Google unveils Gemini Embedding 2 with Multimodal Input Support and MRL technology

Google has announced Gemini Embedding 2, a new multimodal embedding model built on the Gemini architecture. The model is designed to process multiple types of data, including text, images, video, audio, and documents, placing them into a single unified embedding space.

Unlike earlier embedding models that focused primarily on text, Gemini Embedding 2 expands capabilities to cross-modal understanding, enabling developers to build AI systems that analyze and connect different forms of media.

The model supports over 100 languages and can power AI applications such as Retrieval-Augmented Generation (RAG), semantic search, sentiment analysis, and large-scale data clustering.

Gemini Embedding 2 leverages the multimodal capabilities of the Gemini architecture to generate embeddings across various data types. The model can process interleaved multimodal inputs, allowing developers to combine multiple forms of data within a single request.

For example, applications can analyze text descriptions alongside images or video, enabling AI systems to understand relationships between different media formats.

This approach helps developers work with complex datasets that contain multiple types of content.

Key Features

Multimodal Input Support

Gemini Embedding 2 supports a wide range of input formats:

Text: Up to 8,192 input tokens
Images: Up to six images per request (PNG and JPEG formats)
Video: Up to 120 seconds per input (MP4 and MOV)
Audio: Direct processing of audio without transcription
Documents: Supports PDF files up to six pages

Interleaved Multimodal Inputs

The model can process multiple media types in a single request, enabling contextual understanding across inputs such as image and text together.

This capability is particularly useful for applications that require cross-media analysis and contextual search.

Matryoshka Representation Learning (MRL)

Gemini Embedding 2 incorporates Matryoshka Representation Learning (MRL), which allows embedding vectors to scale across different dimensions.

The default embedding size is 3,072 dimensions, but developers can reduce the size depending on their storage and performance requirements.

Recommended embedding dimensions include:

3,072
1,536
768

This flexibility allows developers to optimize performance and infrastructure costs.

AI Capabilities and Use Cases

Google says Gemini Embedding 2 enables multimodal embedding across text, images, video, and speech tasks, while introducing native audio processing.
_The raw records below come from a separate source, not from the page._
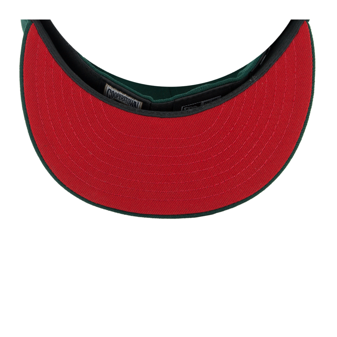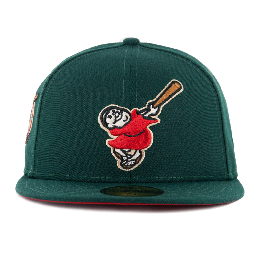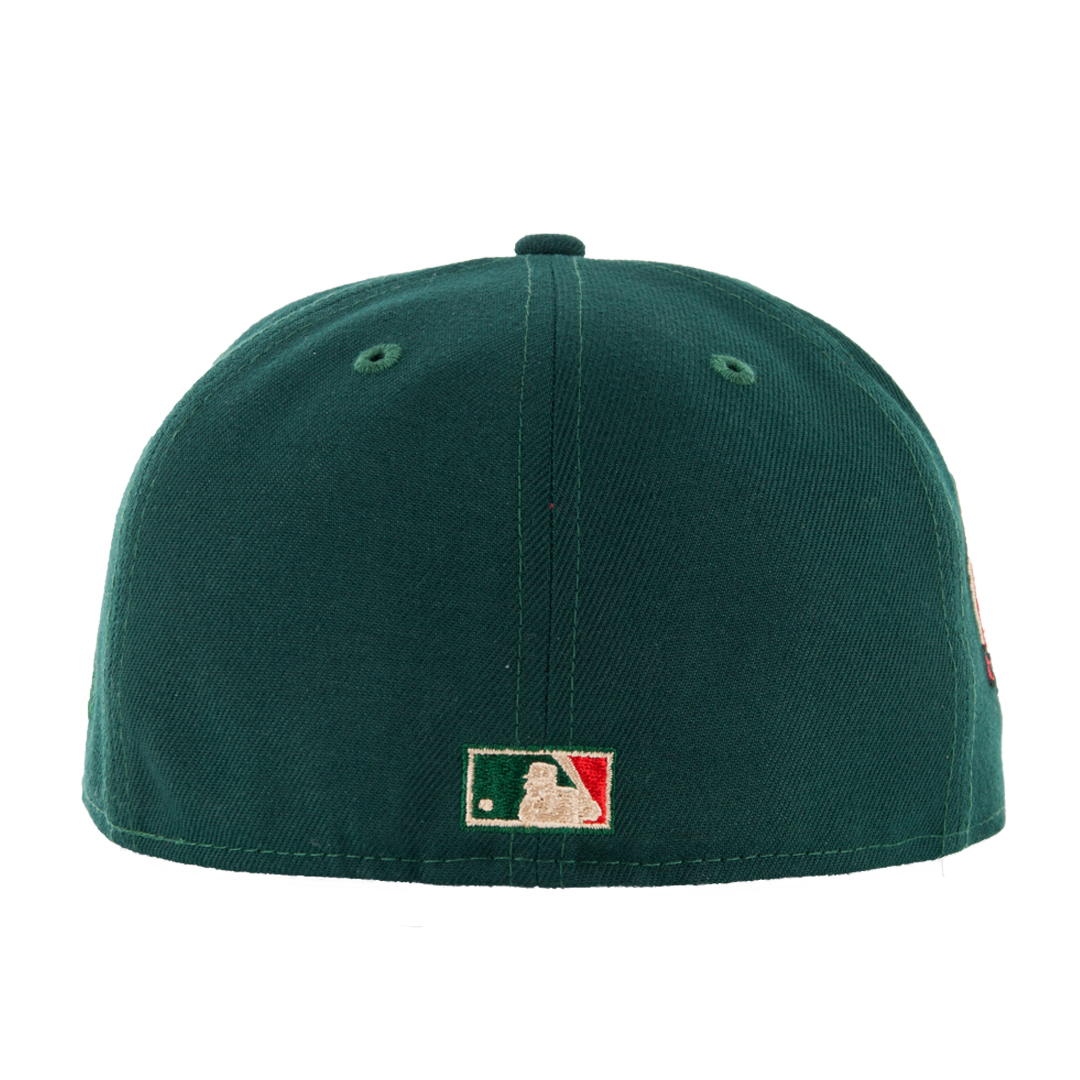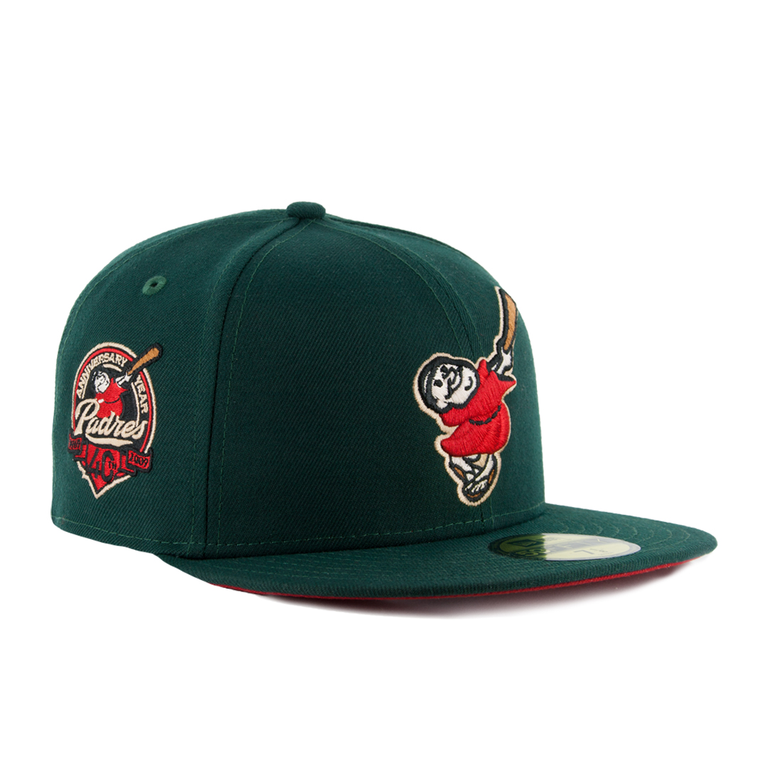 Representing the culmination of style and swag, we give you the New Era 5950 San Diego Padres Friar Meridian fitted cap re-release! This cap was originally created by Exclusive Fitted and we loved the design so much we picked it up, with their approval, for relaunch. Hats off to Exclusive Fitted! This is a dark green cap with a red swinging friar logo on the front. 40th Anniversary side patch on right side done in electric lime green with red. Undervisor is a matching scarlet red.
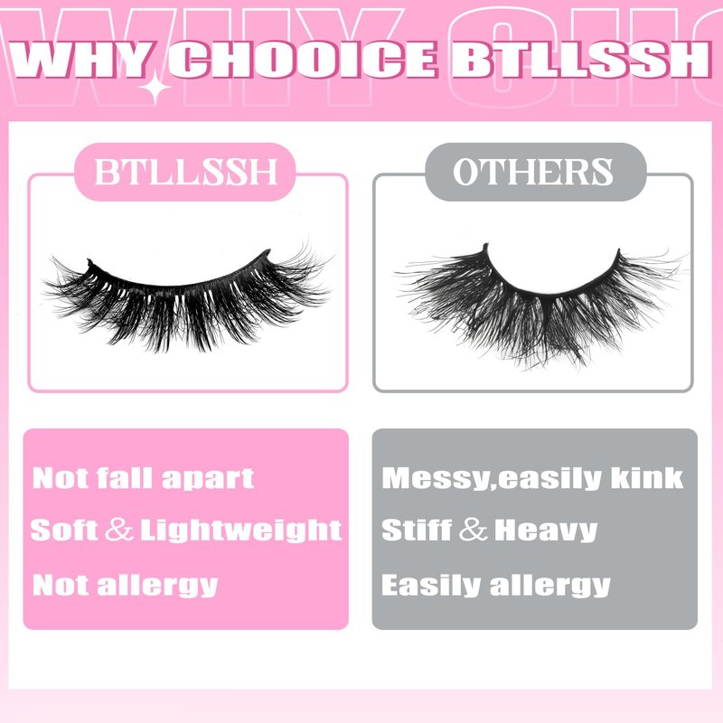 - BTLLSSH FALSE EYELASHES: BTLLSSH 3D natural false eyelashes are made of lightweight faux mink lashes. Contain 8 pairs of natural eye lashes 001A style eyelashes.
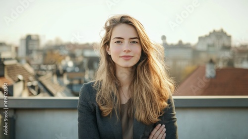 woman, young, confident, rooftop, city, city landscape, urban, beautiful, attractive, girl, female, portrait, model, fashion, style, hair, blond, long hair, outdoors, sunshine, sunlight, day, happy, smiling, professional, business, success, ambition, modern, lifestyle, elegant, sophisticated
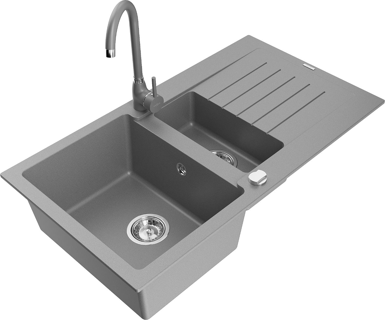Mexen Matias granieten gootsteen 1,5-komor met afdruiprek en keukenkraan Telma, grijs - 6502-71-670200-71
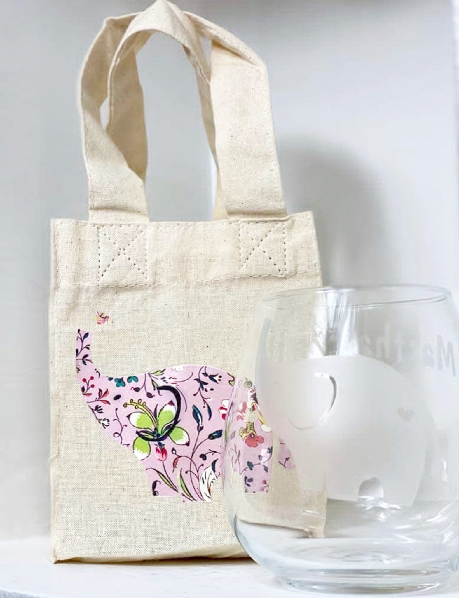 Looking for a special and lucky gift? Our Pink Elephant Personalized Gift Bag with Glass is perfect! The glass features a double print - one side with the cute pink elephant and the other with the name or message you choose. And it comes with a rustic cloth bag that can be personalized with the recipient's name and the elephant .Great for a beach stroll, a picnic in the park, or any special occasion. Plus, we've got you covered with gift packaging and a handwritten card. Don't see exactly what you want? Send us a message and we'll do our best to make it happen!
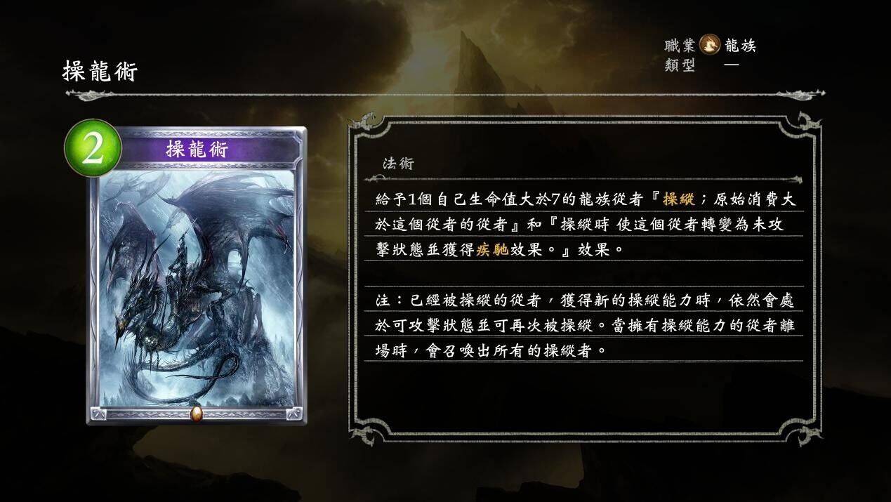 给予1个自己生命值大于7的龙族随从「操纵;原始消费大于这个随从的随从」与「操纵时 使这个随从转变为未攻击状态并获得疾驰效果」效果。
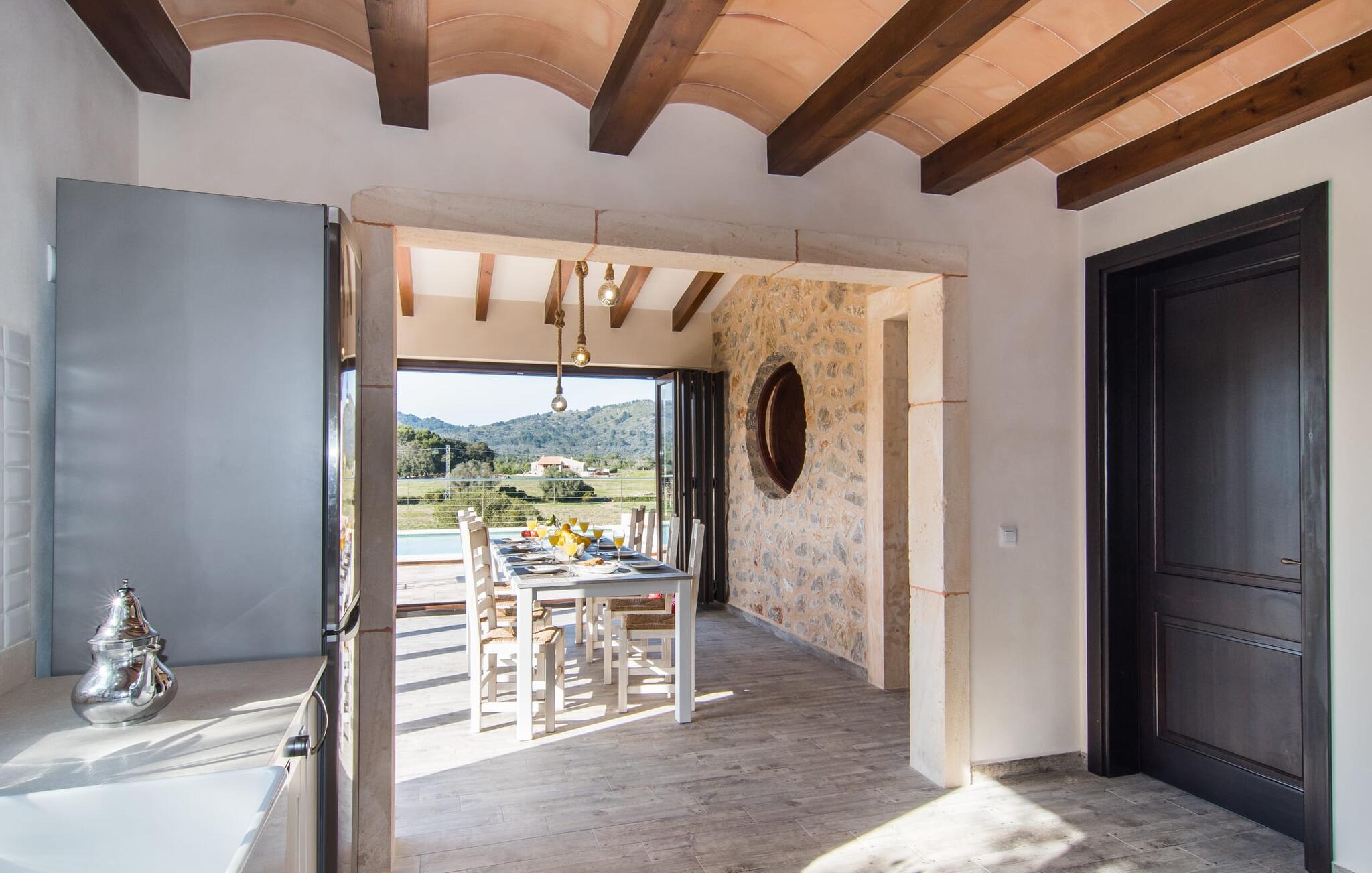 Hvis I beslutter jer for at tilbringe jeres ferie i en villa, vil I normalt sætte pris på nærheden til det fri: Selvom Artà, den næste større by, kun ligger et stenkast væk, vil I være midt i det grønne på jeres nye placering. Byggevilla S'Hort de Carrossa. Udsigten fra udendørsområdet af det smukke landskab er den reneste farveterapi, der fortryller jeres øjne med forskellige farver - alt efter årstiden. Efter at have nydt en afslappende nat, træder I ud på terrassen, strækker jer lidt, og glider så ned i poolen og genoplader, mens I glider gennem vandet midt i et postkortlignende landskab. Intet vil ændre sig, hvis I beslutter jer for at begynde at grille senere på eftermiddagen for at forkæle jer selv og familien med en skøn udendørs middag. Den milde, lune luft er en af ??grundene til, at Mallorca er så populær blandt feriegæster. Denne villa giver jer forskellige muligheder for at nyde det milde klima på den store terrasse, hvor I finder solbadeområder, lounge siddepladser og et overdækket område. For at slappe af og nyde jeres ferie fuldt ud, behøver I ikke engang at forlade villaen. Vinduerne til husets spiseplads kan åbnes så bredt, at ydersiden og indersiden af ??denne villa næsten smelter sammen.
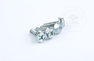 8.8級鍍藍白鋅 十字槽凹穴帶墊外六角自攻平尾螺釘 十字槽凹穴帶墊三組合螺絲的產(chǎn)品圖片
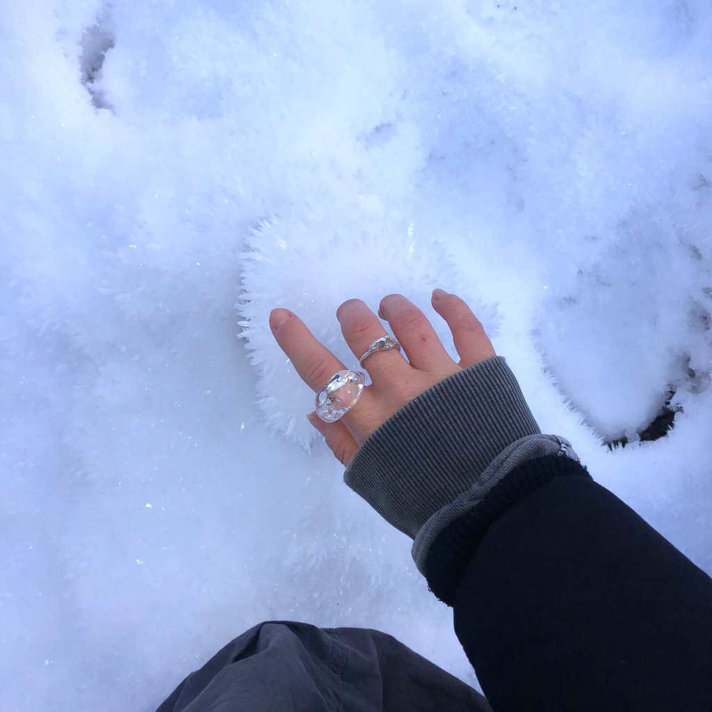Chunky ring, transparent highly resistant borosilicate glass. Each piece is made by hand and one of a kind, so shape may vary.
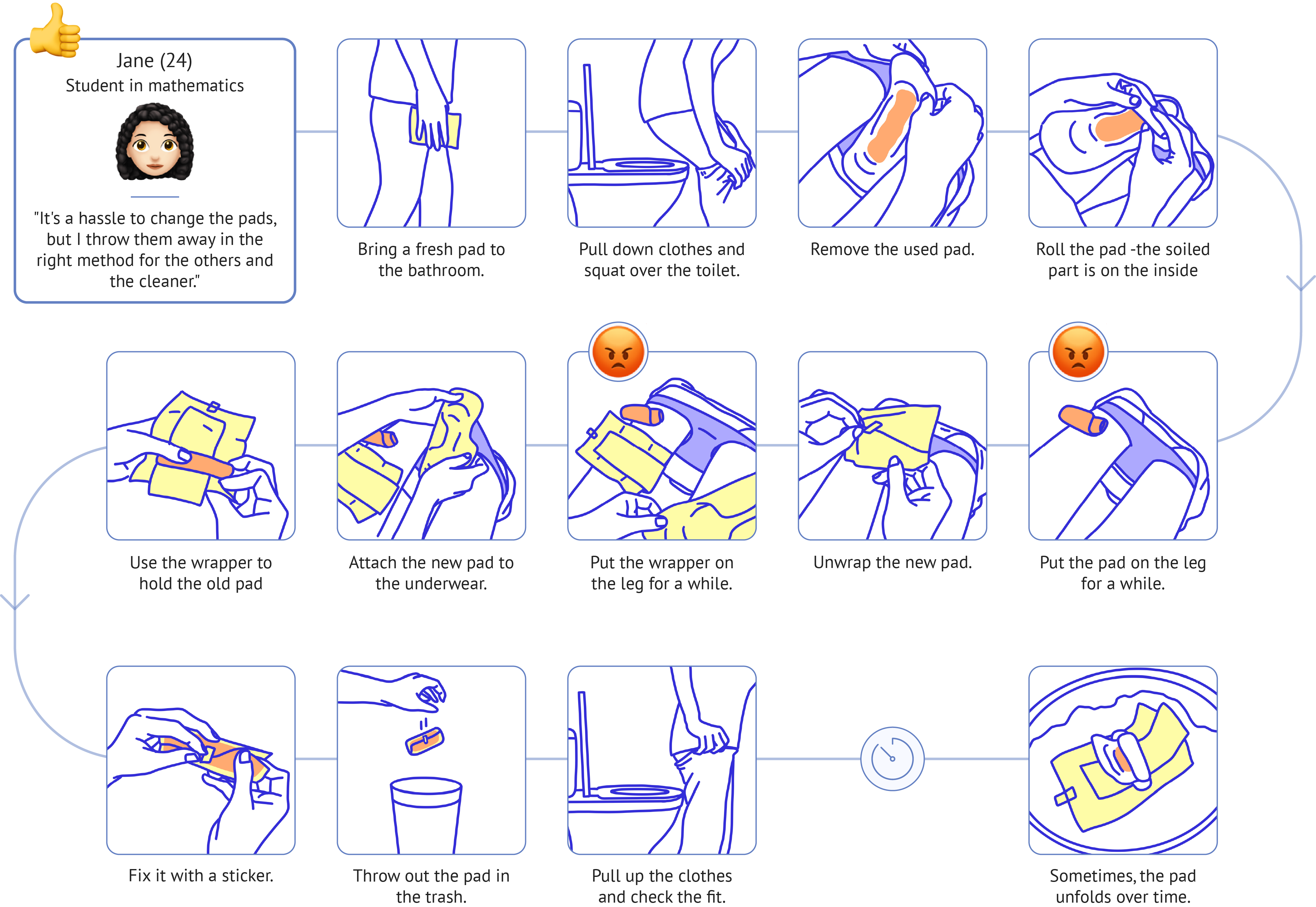 Among the answers I got in the interview, I found three pain points concerning the problem of the sanitary pad being thrown open.
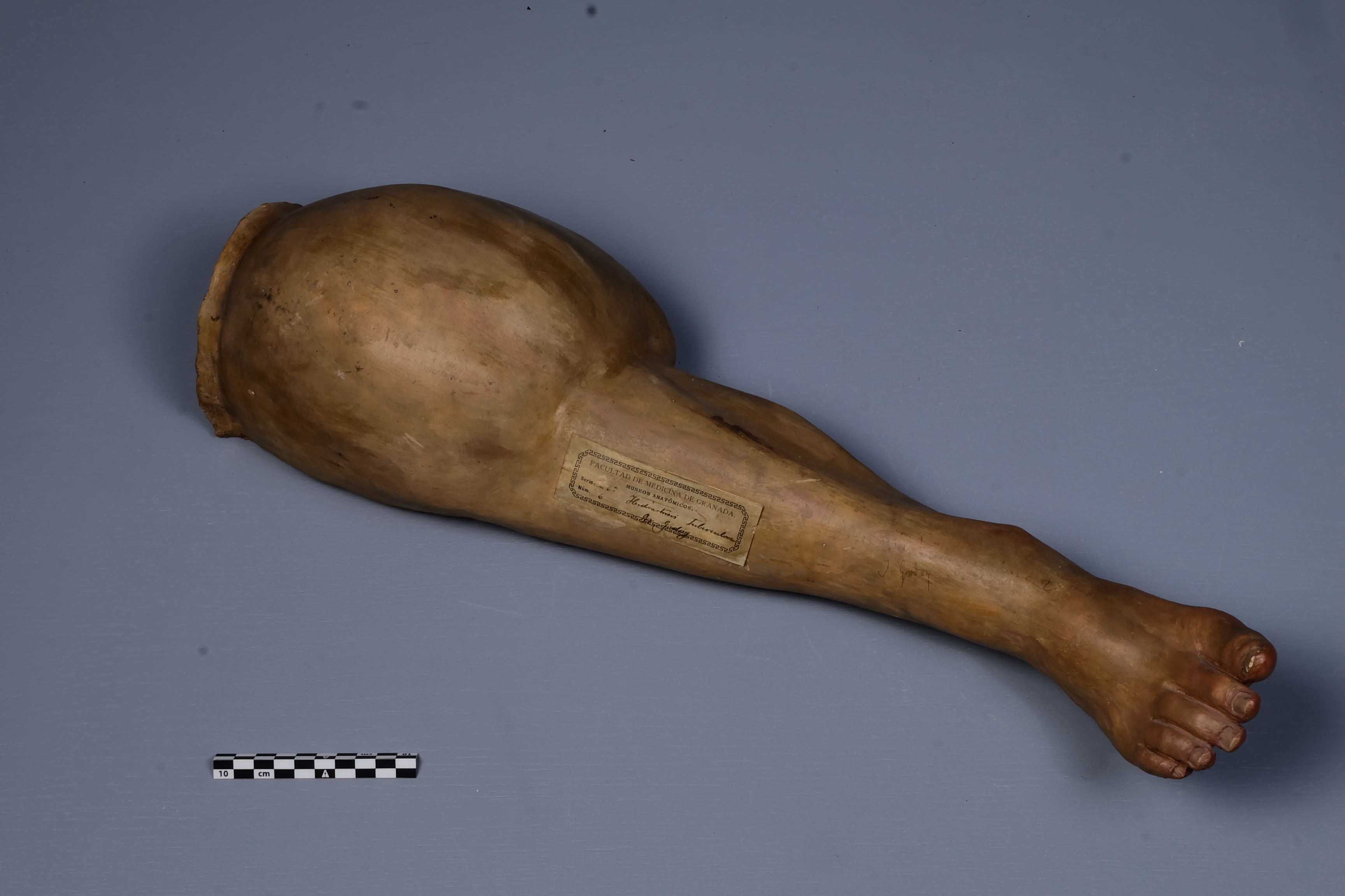 Molde en barro de rodilla, pierna y pie derechos, con gran inflamación de rodilla que interesa también al tercio proximal de la pierna. Presenta el etiquetado original del Museo Anatómico con el diagnóstico, la numeración (Serie 6, n.º 6) y médico tratante (Dr. Godoy)
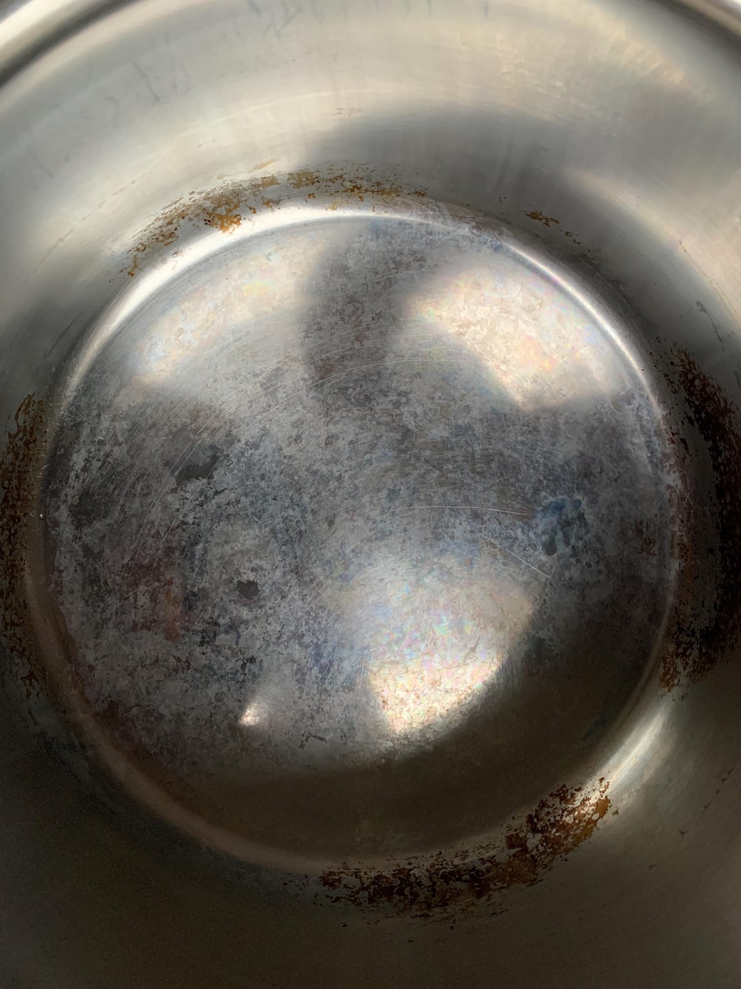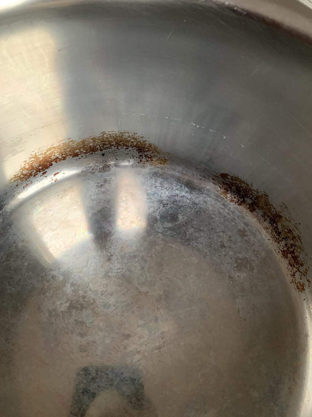 über das wieso kann ich dir nichts sagen, aber es sieht aus als könnte man die Flecken easy mit einem dieser metallschwämme (k.a. wie das heißt) wegmachen. klappt bei mir zumindest hervorragend und meine flecken sehen genauso aus (nur an anderem stellen).
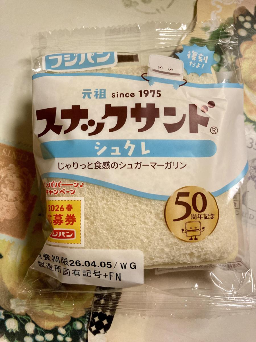 スナックサンド シュクレ味が気になり購入してみました。生地はふんわり、やわらかい生地でしたが、少しだけパサつきが感じたのが気になりました。中には練乳クリームが入っており、ねっとりとぼってりとした甘めな味わいとミルキー感がありました。ジャリジャリ感はやや控えめな感じがしました。

The model is designed for several AI applications, including:

Retrieval-Augmented Generation (RAG)
Semantic search
Sentiment analysis
Data clustering
Large-scale knowledge management systems

Availability

Gemini Embedding 2 is currently available in Public Preview through:

Gemini API
Vertex AI

Developers can integrate the model with popular AI frameworks and vector database tools such as:

LangChain
LlamaIndex
Haystack
Weaviate
Qdrant
ChromaDB

The model can also be combined with vector search systems to enable advanced multimodal data processing and retrieval.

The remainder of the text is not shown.